Some of the top positive keywords are not surprising, and would appear unlikely to be title- or genre-specific. These include ‘recommend’ (which appears in the top positive keyword lists for both IoL and WT), ‘great’ (which appears in IoL’s), and ‘highly’ (which appears in WT’s). The appearance of ‘beautifully’ (IoL and WT) and ‘beautiful’ (IoL), however, might suggest something more specific about the evaluative criteria in relation to which ‘literary’ novels are valued, orientating towards them as aesthetic artefacts (as opposed to entertaining experiences). Other words used to evaluate the two writers’ artistry included ‘create’ (IoL), ‘describe’ (WT), ‘picture’ (WT), and ‘draw’ (WT; this usually referred either to how the characters were ‘drawn’ or to how the narrative technique ‘draws’ the reader into the world of the book, or ‘draws’ him or her back to the book itself). ‘Love’ (WT) generally referred to the reader’s feelings for the book or (sometimes) its main character. Interestingly, ‘funny’ only appeared as a keyword for WT, although both books contained comedic elements.

Beyond the above, the top positive keywords give us an idea of the kinds of things that people who liked these books found relevant to talk about. Several of the top positive keywords for both titles referred to their settings, in particular ‘Kalimpong’, ‘India’, and ‘world’ (IoL), and ‘village’, ‘travel’, and ‘move’ (WT), while seven of those for IoL referred to the novel’s four main characters: ‘father’ and ‘cook’, ‘Biju’ and ‘son’, ‘grandfather’ and ‘judge’, and also ‘Sai’. There were further top positive keywords that closely related to the themes of the two books: ‘immigrant’, ‘dream’, ‘culture’, ‘colonial’, and ‘class’ for IoL, and ‘darkness’, ‘dark’, ‘light’, and ‘social’ for WT (‘The Darkness’ and ‘The Light’ are that book’s terms for rural and urban India, respectively).
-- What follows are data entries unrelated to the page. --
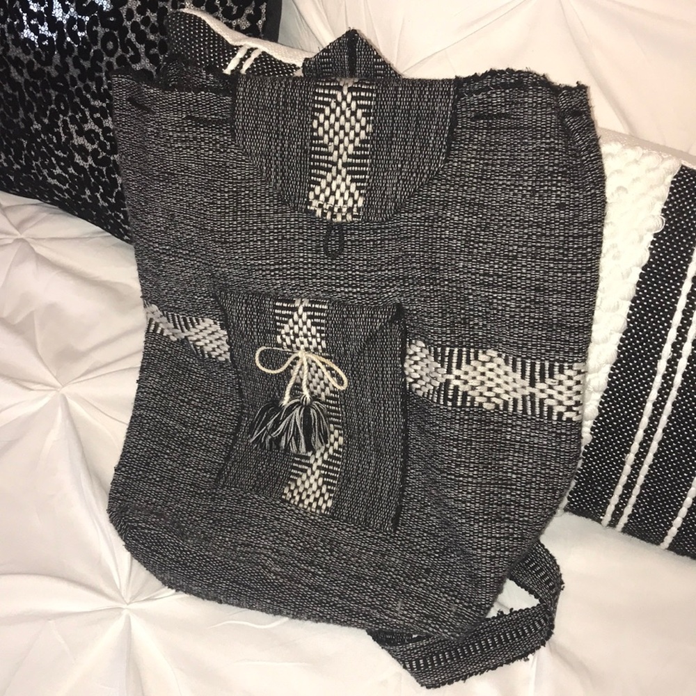 Gently used, drawstring black and white backpack. Front pocket with zipper and decorative tassel. Roomy interior. Some staining on the tassel. Otherwise gives a nice bohemian vibe!
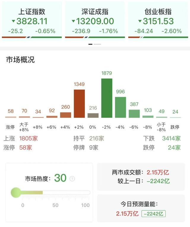 财联社9月26日讯,市场全天震荡调整,创业板指跌超2.5%。沪深两市成交额2.15万亿,较上一个交易日缩量2242亿。盘面上,市场热点较为杂乱,题材强度一般,全市场超3400只个股下跌。从板块来看,风电板块走强,吉鑫科技晋级2连板,威力传动20cm涨停。半导体板块内出现分歧,华虹公司逆势大涨创历史新高,但立昂微、凯美特气双双跌停。有色金属方向表现活跃,精艺股份成功晋级3连板。下跌方面,游戏板块集体下跌,吉比特跌停。算力硬件股走弱,青山纸业跌停。截至收盘,沪指跌0.65%,深成指跌1.76%,创业板指跌2.60%。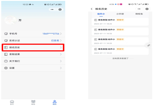 點(diǎn)擊“提交資料”,點(diǎn)擊“確定”允許審核狀態(tài)通知,提交之后等待校方審核,可在小程序首頁“我的”-“報名歷史”中查看審核情況。
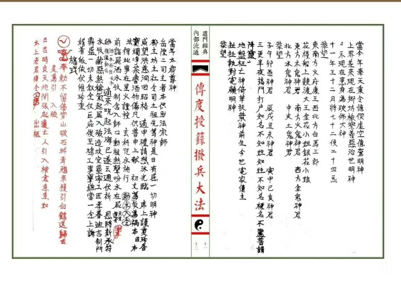 此书虽无明确著者落款,却属道教正一派正统传承,清代手抄本存世量不足百册。全书将传度授籙、拨兵大法、师道送度三大核心板块无缝衔接,小到符咒绘制的朱砂配比、符纸尺寸,大到步罡踏斗的方位口诀、诵经节奏,都标注得细致入微,堪称“活态的道教仪轨实操指南”。

Some examples of positive reviews featuring these words follow, showing the ways in which many positive reviewers sought not merely to evaluate, but also to interpret the two books:

It reminded me very much of The God of Small Things, exploring how the legacy of colonialism impacts current generations and permeates one's relationships and self-identity. (IoL, 4 star)

Kiran Desai handles several themes in this book – the colonial legacy that still dominates India, India’s own multiculturalism, being an outsider in one's own country, and some painful truths about immigration to and from India. (IoL, 4 star)

Far-reaching effects of colonialism mark the isolated grandfather judge, who learned self-loathing under the Raj (IoL, 5 star)

It covers the class system the poverty in India and America, the violence and corruption of all the classes through small details in character development. (IoL, 4 star)

It […] tells a fascinating story about relationships between upper- and lower-class Indians several decades after independence. (IoL, 5 star)

At once so many dimensions – a political novel, tackling issues of class, prejudice and race; one of the few works portraying the realities of the illegal immigrant underclass in America – and the hopes and dreams that started it all (IoL, 5 star)

[The narrator’s] letters … [cast] a grievous pall across both affluent, corrupt, urban India (the Light) and the Darkness, the traditional life of the villagers, painted as bigoted, often unpleasant and oppressed. (WT, 5 star)

Some very strong images and unsentimental views of life on the (much) poorer side of Indian life, through the eyes and mouth of one who shows the amazing gumption to plot his way out of the ‘darkness’ – the almost inescapable poverty and family trap that the majority of Indians find themselves in. (WT, 5 star)

The reader learns about the caste system, how those at its top are in The Light, those trapped at its base are in The Darkness. He learns that both worlds are controlled by corruption and retribution. (WT, 5 star)

The India portrayed is one of bribery, corruption and huge social injustices. (WT, 4 star)

it’s a book with a social and political message, showing corruption and misery in modern India (WT, 4 star)

It’s a brilliant satire and social commentary, which is occasionally hilariously funny but always totally engaging. (WT, 5 star)

These reviews speak almost with the same voice as the critical readings quoted above (see “The Inheritance of Loss and The White Tiger”). It is the same style of cultural consumption that they enact, not approaching characters as (imaginary) individuals whom one might hope to feel affectionate towards, nor approaching plot as a sequence of (imaginary) events vicarious experience of which one might enjoy, but approaching both as expressions of an inner logic, such that appreciation and interpretation of the books in question are inseparable, a single process of explication de texte.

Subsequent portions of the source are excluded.